Climate data for Figari (1991–2020 averages, extremes 1979–present)
| Month | Jan | Feb | Mar | Apr | May | Jun | Jul | Aug | Sep | Oct | Nov | Dec | Year |
| Record high °C (°F) | 21.2 (70.2) | 23.5 (74.3) | 30.3 (86.5) | 29.7 (85.5) | 36.0 (96.8) | 37.4 (99.3) | 43.0 (109.4) | 42.7 (108.9) | 36.0 (96.8) | 32.5 (90.5) | 26.0 (78.8) | 22.3 (72.1) | 43.0 (109.4) |
| Mean daily maximum °C (°F) | 13.9 (57.0) | 14.2 (57.6) | 16.3 (61.3) | 19.0 (66.2) | 23.4 (74.1) | 28.0 (82.4) | 34.6 (94.3) | 31.7 (89.1) | 27.1 (80.8) | 22.9 (73.2) | 18.0 (64.4) | 14.9 (58.8) | 21.7 (71.1) |
| Daily mean °C (°F) | 9.2 (48.6) | 9.1 (48.4) | 11.2 (52.2) | 13.6 (56.5) | 17.5 (63.5) | 21.6 (70.9) | 24.4 (75.9) | 24.7 (76.5) | 21.1 (70.0) | 17.7 (63.9) | 13.5 (56.3) | 10.3 (50.5) | 16.2 (61.2) |
| Mean daily minimum °C (°F) | 4.5 (40.1) | 4.1 (39.4) | 6.1 (43.0) | 8.2 (46.8) | 11.6 (52.9) | 15.2 (59.4) | 17.6 (63.7) | 17.7 (63.9) | 15.1 (59.2) | 12.6 (54.7) | 8.9 (48.0) | 5.6 (42.1) | 10.6 (51.1) |
| Record low °C (°F) | −7.4 (18.7) | −8.0 (17.6) | −6.1 (21.0) | −4.6 (23.7) | 1.3 (34.3) | 4.6 (40.3) | 8.0 (46.4) | 5.8 (42.4) | 4.4 (39.9) | −0.5 (31.1) | −4.7 (23.5) | −7.6 (18.3) | −8.0 (17.6) |
| Average precipitation mm (inches) | 73.2 (2.88) | 55.5 (2.19) | 57.2 (2.25) | 54.4 (2.14) | 40.7 (1.60) | 21.8 (0.86) | 10.1 (0.40) | 13.5 (0.53) | 54.4 (2.14) | 80.4 (3.17) | 100.3 (3.95) | 82.0 (3.23) | 643.5 (25.33) |
| Average precipitation days (≥ 1.0 mm) | 8.0 | 7.3 | 6.9 | 7.2 | 5.0 | 2.8 | 1.2 | 1.9 | 5.3 | 7.4 | 10.4 | 9.3 | 72.7 |
| Average snowy days | 0.5 | 0.5 | 0.0 | 0.0 | 0.0 | 0.0 | 0.0 | 0.0 | 0.0 | 0.0 | 0.0 | 0.3 | 1.4 |
| Mean monthly sunshine hours | 127.4 | 142.4 | 201.7 | 222.9 | 295.7 | 336.1 | 374.3 | 339.6 | 252.2 | 200.2 | 135.6 | 123.5 | 2,751.6 |
Source: Meteo France

==Economy==
Viticulture has been practiced in Figari since the Roman era.
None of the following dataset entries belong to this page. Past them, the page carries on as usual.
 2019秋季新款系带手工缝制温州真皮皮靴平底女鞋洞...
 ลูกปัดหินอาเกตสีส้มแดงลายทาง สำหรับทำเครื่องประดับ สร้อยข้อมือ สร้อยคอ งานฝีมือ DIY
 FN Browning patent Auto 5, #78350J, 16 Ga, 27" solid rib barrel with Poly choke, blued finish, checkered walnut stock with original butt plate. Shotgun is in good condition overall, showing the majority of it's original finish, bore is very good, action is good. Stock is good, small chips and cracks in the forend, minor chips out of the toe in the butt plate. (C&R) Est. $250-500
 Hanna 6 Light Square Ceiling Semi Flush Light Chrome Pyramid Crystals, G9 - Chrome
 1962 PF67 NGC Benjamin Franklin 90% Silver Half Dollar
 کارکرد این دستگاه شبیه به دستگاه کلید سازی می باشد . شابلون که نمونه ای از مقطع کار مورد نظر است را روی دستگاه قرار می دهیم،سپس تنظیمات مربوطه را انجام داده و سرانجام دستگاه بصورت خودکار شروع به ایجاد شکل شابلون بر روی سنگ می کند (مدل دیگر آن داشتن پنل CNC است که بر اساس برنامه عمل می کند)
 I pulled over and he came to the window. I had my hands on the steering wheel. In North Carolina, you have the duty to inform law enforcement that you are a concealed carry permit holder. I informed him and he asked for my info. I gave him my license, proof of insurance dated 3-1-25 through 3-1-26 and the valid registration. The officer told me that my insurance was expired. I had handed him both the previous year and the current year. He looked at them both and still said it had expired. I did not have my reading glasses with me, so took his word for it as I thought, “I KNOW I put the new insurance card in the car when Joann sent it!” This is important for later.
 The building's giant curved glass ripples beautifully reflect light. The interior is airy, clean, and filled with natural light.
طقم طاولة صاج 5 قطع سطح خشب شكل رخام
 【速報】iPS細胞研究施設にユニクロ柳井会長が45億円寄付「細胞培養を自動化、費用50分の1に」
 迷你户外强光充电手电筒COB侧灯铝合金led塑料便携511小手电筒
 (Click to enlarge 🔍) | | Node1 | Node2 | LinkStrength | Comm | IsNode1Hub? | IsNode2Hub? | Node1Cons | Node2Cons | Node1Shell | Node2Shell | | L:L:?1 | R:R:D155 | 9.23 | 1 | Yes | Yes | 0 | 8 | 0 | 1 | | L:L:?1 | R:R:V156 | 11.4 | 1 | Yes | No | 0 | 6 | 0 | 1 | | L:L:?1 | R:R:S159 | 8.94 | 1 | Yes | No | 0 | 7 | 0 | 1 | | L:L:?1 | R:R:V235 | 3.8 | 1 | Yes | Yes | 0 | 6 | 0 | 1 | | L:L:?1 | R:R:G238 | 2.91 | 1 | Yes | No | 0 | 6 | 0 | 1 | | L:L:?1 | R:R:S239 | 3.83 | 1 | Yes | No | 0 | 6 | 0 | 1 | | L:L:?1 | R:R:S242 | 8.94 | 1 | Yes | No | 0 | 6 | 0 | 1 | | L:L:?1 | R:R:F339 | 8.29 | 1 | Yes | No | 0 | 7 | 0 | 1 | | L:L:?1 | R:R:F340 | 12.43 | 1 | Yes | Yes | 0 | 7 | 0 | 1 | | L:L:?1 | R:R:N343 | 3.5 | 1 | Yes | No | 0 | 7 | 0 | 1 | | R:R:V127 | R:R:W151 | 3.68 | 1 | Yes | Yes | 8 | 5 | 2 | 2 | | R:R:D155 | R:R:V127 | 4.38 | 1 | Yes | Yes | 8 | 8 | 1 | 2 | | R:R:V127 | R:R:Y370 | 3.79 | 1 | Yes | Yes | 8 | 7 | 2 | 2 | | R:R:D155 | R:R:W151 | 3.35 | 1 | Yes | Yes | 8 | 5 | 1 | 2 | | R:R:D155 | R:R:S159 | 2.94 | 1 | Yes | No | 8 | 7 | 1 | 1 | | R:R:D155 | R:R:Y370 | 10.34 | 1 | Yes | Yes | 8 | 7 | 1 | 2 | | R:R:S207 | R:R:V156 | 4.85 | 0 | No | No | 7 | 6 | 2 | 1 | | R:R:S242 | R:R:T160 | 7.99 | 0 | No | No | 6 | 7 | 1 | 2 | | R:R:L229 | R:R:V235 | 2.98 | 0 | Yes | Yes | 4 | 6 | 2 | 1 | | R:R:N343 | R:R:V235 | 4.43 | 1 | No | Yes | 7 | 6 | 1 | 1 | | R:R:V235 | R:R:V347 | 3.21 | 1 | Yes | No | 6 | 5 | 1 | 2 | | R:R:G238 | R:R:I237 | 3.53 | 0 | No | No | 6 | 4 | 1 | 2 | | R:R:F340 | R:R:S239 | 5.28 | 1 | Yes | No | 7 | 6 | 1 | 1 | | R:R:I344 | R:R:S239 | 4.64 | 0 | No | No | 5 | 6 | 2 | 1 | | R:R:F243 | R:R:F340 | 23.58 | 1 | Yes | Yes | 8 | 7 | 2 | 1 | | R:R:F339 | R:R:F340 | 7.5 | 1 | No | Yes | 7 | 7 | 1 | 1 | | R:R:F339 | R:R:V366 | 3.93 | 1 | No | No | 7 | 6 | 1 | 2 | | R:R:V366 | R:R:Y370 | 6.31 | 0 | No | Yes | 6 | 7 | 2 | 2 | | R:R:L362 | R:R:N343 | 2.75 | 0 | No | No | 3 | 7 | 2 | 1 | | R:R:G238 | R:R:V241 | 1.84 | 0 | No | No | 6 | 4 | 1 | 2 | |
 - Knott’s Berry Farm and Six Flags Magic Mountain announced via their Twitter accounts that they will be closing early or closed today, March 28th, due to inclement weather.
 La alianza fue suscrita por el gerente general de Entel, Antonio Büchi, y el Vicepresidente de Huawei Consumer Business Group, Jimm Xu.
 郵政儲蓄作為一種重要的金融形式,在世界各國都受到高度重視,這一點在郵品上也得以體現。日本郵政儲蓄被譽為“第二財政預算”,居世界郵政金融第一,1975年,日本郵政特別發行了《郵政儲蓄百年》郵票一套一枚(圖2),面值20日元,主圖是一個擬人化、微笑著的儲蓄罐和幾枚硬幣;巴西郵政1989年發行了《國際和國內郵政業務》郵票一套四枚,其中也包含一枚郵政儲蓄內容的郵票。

There are 153 ha of vineyards on which Syrah, Grenache, and Vermentino are grown. The wine produced falls under the Vin de Corse-Figari AOC.

==Transportation==
The airport, Figari Sud-Corse Airport, is the third largest of Corsica. It opened in 1975 with a runway of 2500 m. In 2004 it carried 254,000 passengers, 117,000 between the airport and Paris, 63,000 to or from Marseille, 34,000 to or from Nice, and 37,000 in charters.